RECORDS FOR THE TASK: Begin

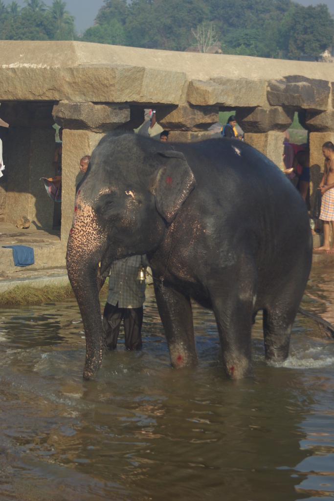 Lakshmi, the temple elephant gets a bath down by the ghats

RECORDS FOR THE TASK: End
RECORDS FOR THE TASK: Begin

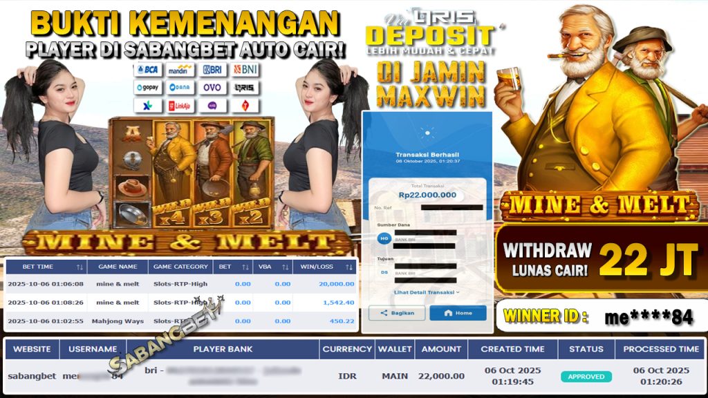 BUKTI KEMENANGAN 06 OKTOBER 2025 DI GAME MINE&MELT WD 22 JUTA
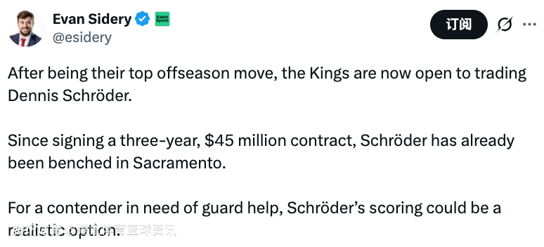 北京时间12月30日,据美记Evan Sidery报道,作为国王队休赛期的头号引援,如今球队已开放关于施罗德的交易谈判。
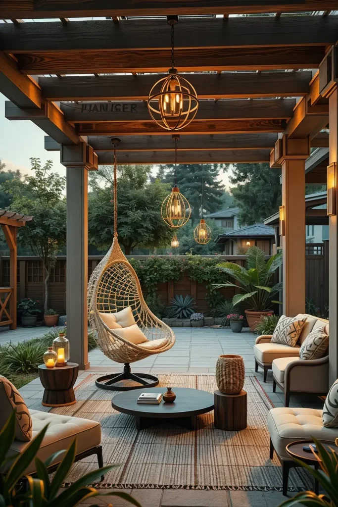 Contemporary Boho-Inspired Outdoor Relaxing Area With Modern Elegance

RECORDS FOR THE TASK: End

Going by the data above, give back only the lines from the one containing "BUKTI KEMENANGAN 06" through the one containing "Contemporary Boho-Inspired Outdoor", exactly as they stand, both ends included and no images.

 BUKTI KEMENANGAN 06 OKTOBER 2025 DI GAME MINE&MELT WD 22 JUTA
 北京时间12月30日,据美记Evan Sidery报道,作为国王队休赛期的头号引援,如今球队已开放关于施罗德的交易谈判。
 Contemporary Boho-Inspired Outdoor Relaxing Area With Modern Elegance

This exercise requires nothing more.